В этом отношении трудно согласиться с У. Ширером в том, что планы Гитлера «отличаются ясностью и точностью», и именно в соответствии с «Майн Кампф» он стал действовать позднее[174]. Крупнейшее отклонение от плана Гитлера — конфронтация с Великобританией. Гитлеру долго удавалось усыплять бдительность английских политиков уверениями о стремлении к союзу с ними, но в конечном итоге война между двумя странами все же разразилась. Вопреки «Майн кампф» Гитлер не остановил движение на Запада и Юг, что могло до поры успокаивать и Сталина. Но одно вождь СССР усвоил четко — Гитлер рано или поздно двинется на Россию. Следовательно, его нужно упредить…
Будущий союзник Гитлера дуче недооценил «немецкого Муссолини», книгу Гитлера «Майн кампф» он отбросил прочь как «наискучнейшую чепуху, которую я никогда не в состоянии буду прочесть», а его идеи считал «не более, как общими клише»[175].
Но, как оказалось, Гитлер мог без труда упростить эти идеи в своих речах, сделав их доступными и родными для миллионов немцев. Идеи приобрели материальную силу. И потенциал духовной культуры Германии не смог остановить наступление грубой идеологии нацизма. «В целом духовная ситуация Веймарской республики характеризовалась весьма высоким творческим напряжением и великолепными художественными и научными достижениями, с другой же стороны, — высокой степенью неустойчивости общественного мнения, сильной поляризацией мнений и большим влиянием иррациональных установок, прямо нацеленных против демократии, индивидуализма, рационализма» [176]. Одно другому не мешает. Даже при взлете духовной культуры была возможна победа примитивных в интеллектуальном отношении сил, провал в архаику. Здесь нет ничего удивительного, как, скажем, в разгуле насилия в эпоху Возрождения. Замкнутая в своем кругу элита, строившая отношения с массами на основе господства, не могла стать лидером этих масс. Разрушение традиционных институтов контроля, маргинализация, выход на авансцену политики масс, невосприимчивых к интеллектуальным достижениям элиты — все это было результатом ограниченной демократии в эпоху индустриального общества. Массы не могли не вмешиваться в исторический процесс на этой стадии социального развития, но их пытались не пускать, памятуя потрясения ноябрьской революции. До начала Великой депрессии это вызывала глухое недовольство и отчуждение между элитой и массами. В периоды кризисов нужно искать сложные пути в обход пропастей, а вот популярностью пользуются прямые короткие маршруты.
Гитлер предлагал немцам как раз такую короткую дорогу.
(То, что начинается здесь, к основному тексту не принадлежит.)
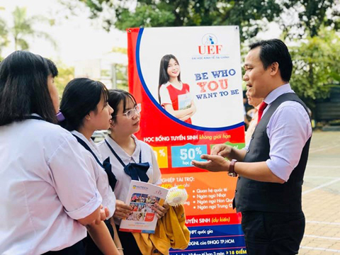 ThS Phạm Doãn Nguyên, Giám đốc Trung tâm Tư vấn Tuyển sinh, ĐH Kinh tế - Tài chính (UEF) TP HCM tư vấn tuyển sinh cho thí sinh.
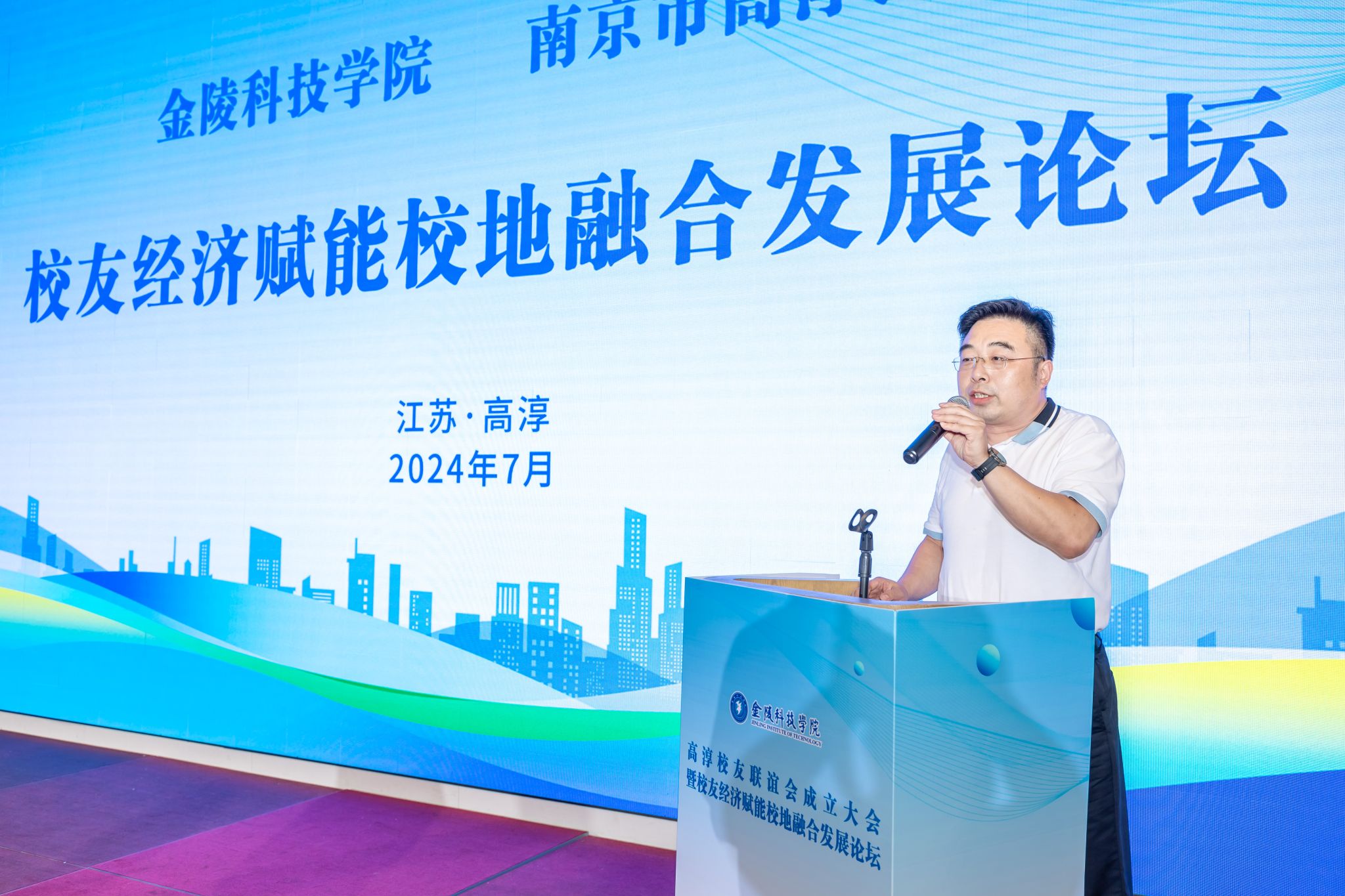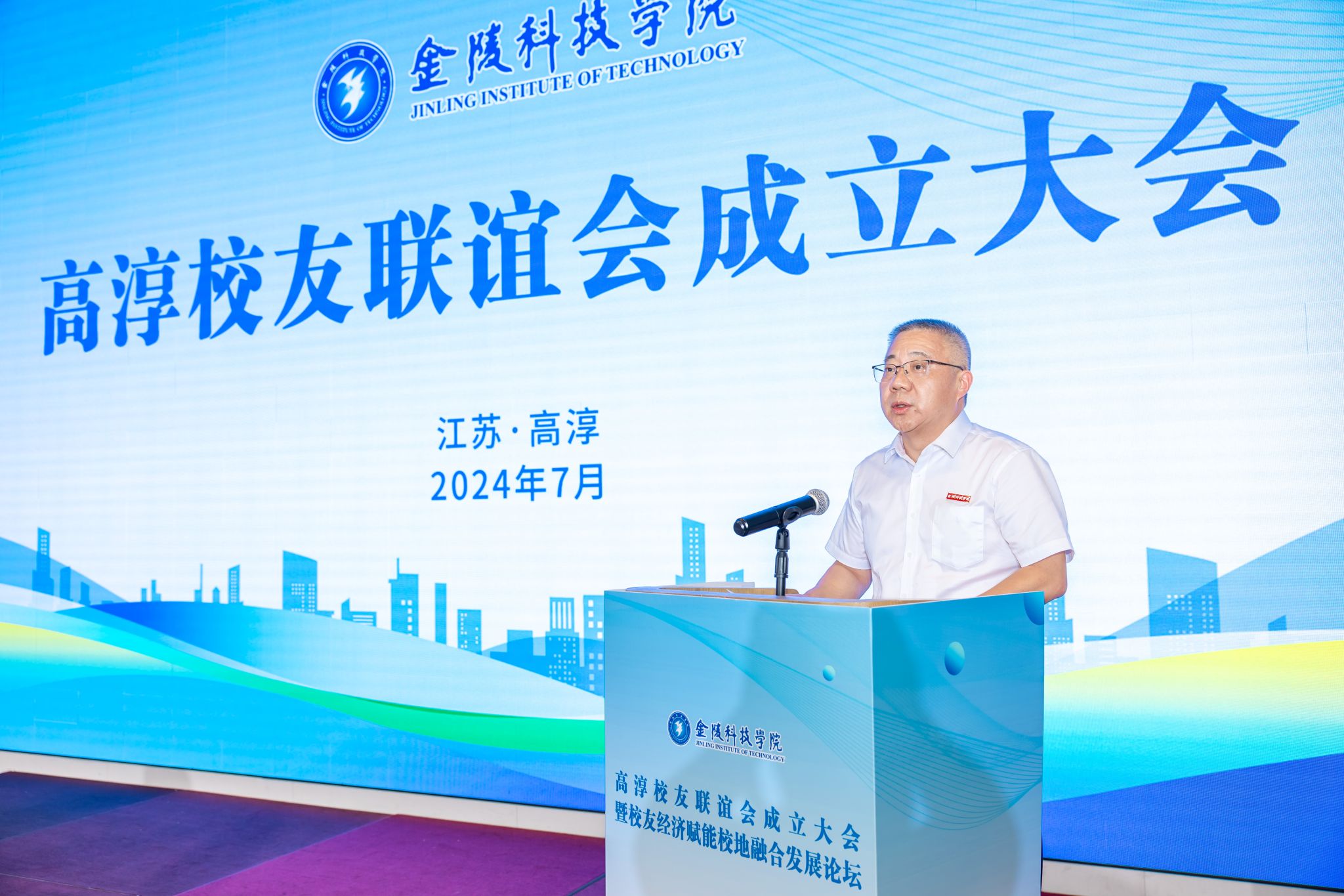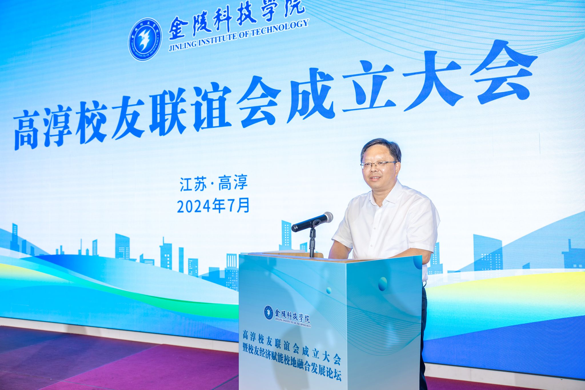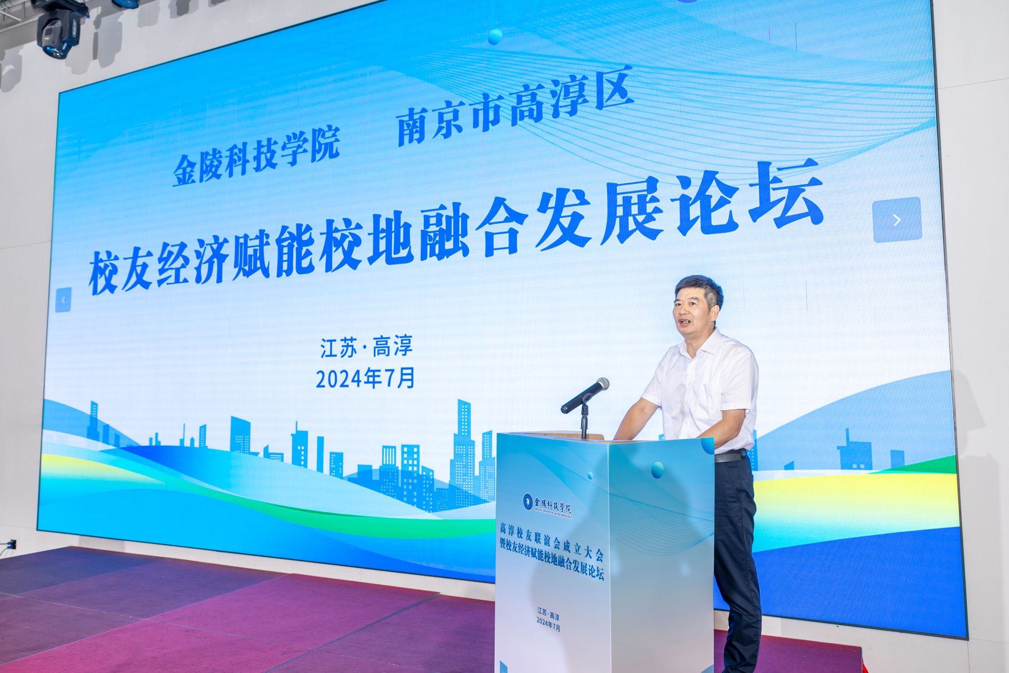 朱启军在致辞中介绍了高淳区的发展优势和人才强区战略,并表示,金科院和校友对高淳区给予的高度的关心和支持,有力促进了校地高质量融合发展。校友联谊会的成立和论坛的成功举办,将为高淳、学校和校友们架起沟通的桥、创建深度合作的平台。他希望与金科院在专业建设、技术研发、创新应用和产业升级方面建立更紧密的合作,深化融合发展,促成一批创新项目、成果和人才在高淳落地扎根;希望校友企业充分利用好校地优势,在技术人才培养、科技成果转化、技术创新升级、实训基地共建、产学研共建等方面加快做优做强。希望高淳通过提供最优质的服务、最优惠的政策和最优良的环境,全力做好服务保障工作,推动实现校友经济的蓬勃发展,全力激活融合发展的势头,助力经济社会高质量发展。
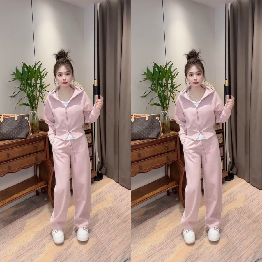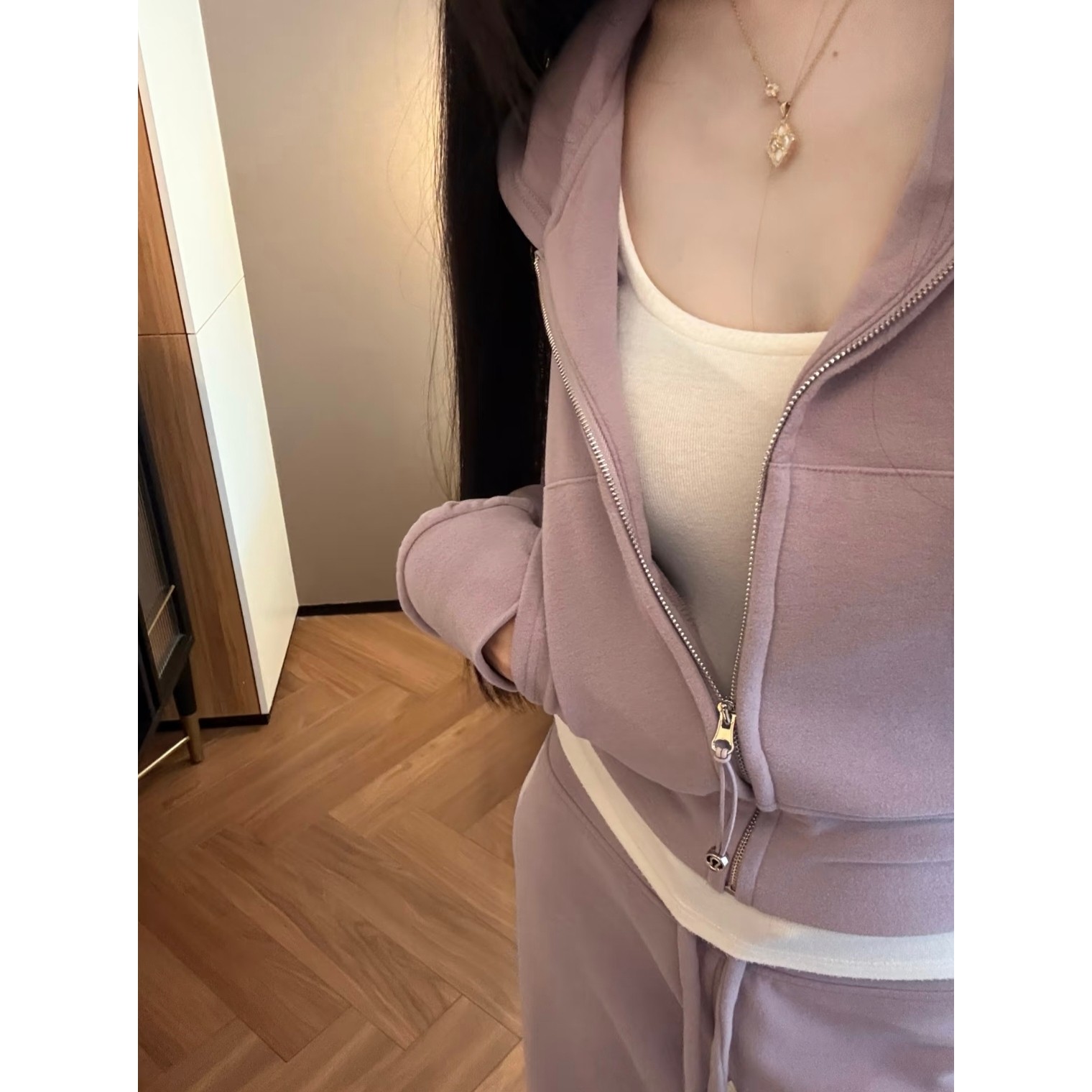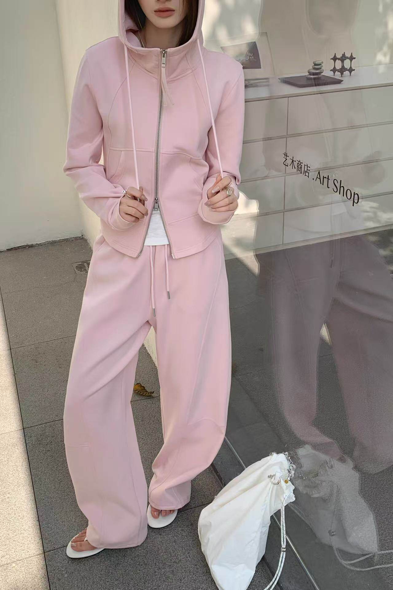 休闲运动套装女2026春季NANHAN楠涵韩版时髦连帽卫衣阔腿裤两件套
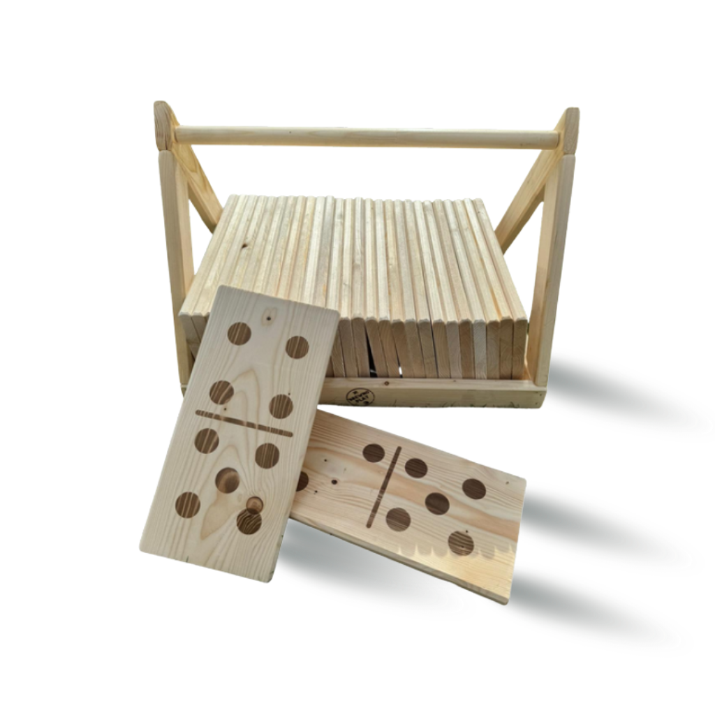 Drewniana gra giga domino w zestawie zawiera 28 klocków domino.
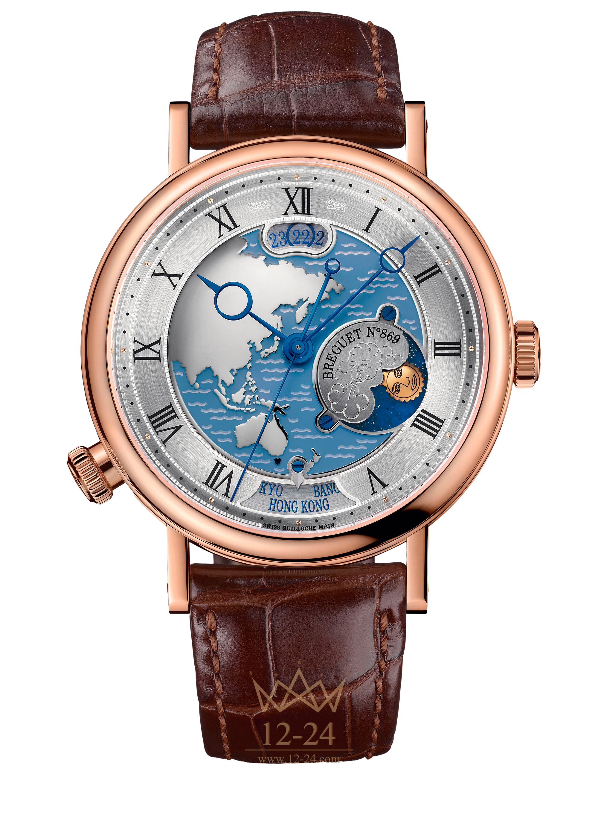 Часы Hora Mundi (5717BR/AS/9ZU) линии Classique из розового золота. Автоматический механизм. Индикация времени второго часового пояса с синхронизированным указанием даты, дня/ночи и города. Спираль, анкер и анкерное колесо из кремния.
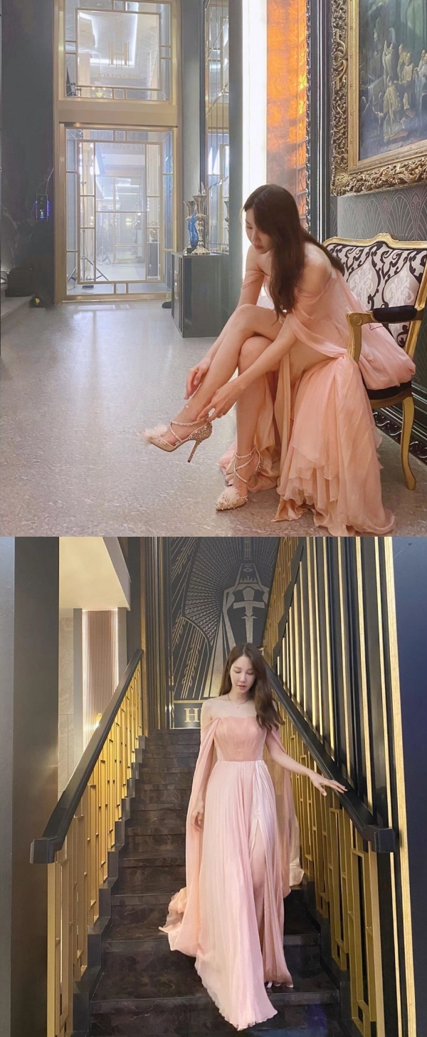 写真の中のイ・ジアは、淡いピンク色のドレスを着て優雅な雰囲気を漂わせている。
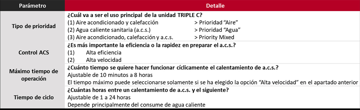 El sistema es configurable para garantizar el máximo confort de los usuarios, cualquiera que sea el patrón de uso del sistema, y para ello el control del depósito cuenta con múltiples parámetros que se ajustan durante la puesta en marcha del sistema.
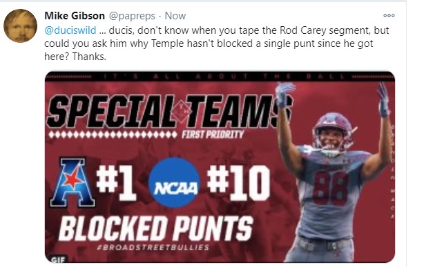 Temple fans deserve to have a kind of team that locks down the “most easy” of the three phases of the game and Rod Carey in his capacity as CEO has failed to do that nor has he shown any interest in fixing it. Special teams are 1/3d of the game. Carey thinks they are 1/10th.

Но в середине 20-х гг. кризис был еще не столь сильным, чтобы подобные проповедники были востребованы обществом. «Казалось, нацизму пришел конец. Нацистское движение достигло успехов в период, когда на страну сыпались несчастья, теперь же, когда перспективы развития нации резко улучшились, оно теряло авторитет. По крайней мере, так считало большинство немцев и иностранных наблюдателей»[177], — вспоминает американский журналист У. Ширер.
Пока Гитлер сидел в тюрьме, Муссолини укреплял свою власть. Первоначально она была ограниченной. Муссолини возглавлял правительство, составленное из представителей правых партий, в котором фашисты составляли меньшинство. Спустя десять лет в таком же положении окажется Гитлер. Правительство получило чрезвычайные полномочия для упорядочения государственного аппарата и финансов. Но полномочия действовали только год. Следовало торопиться.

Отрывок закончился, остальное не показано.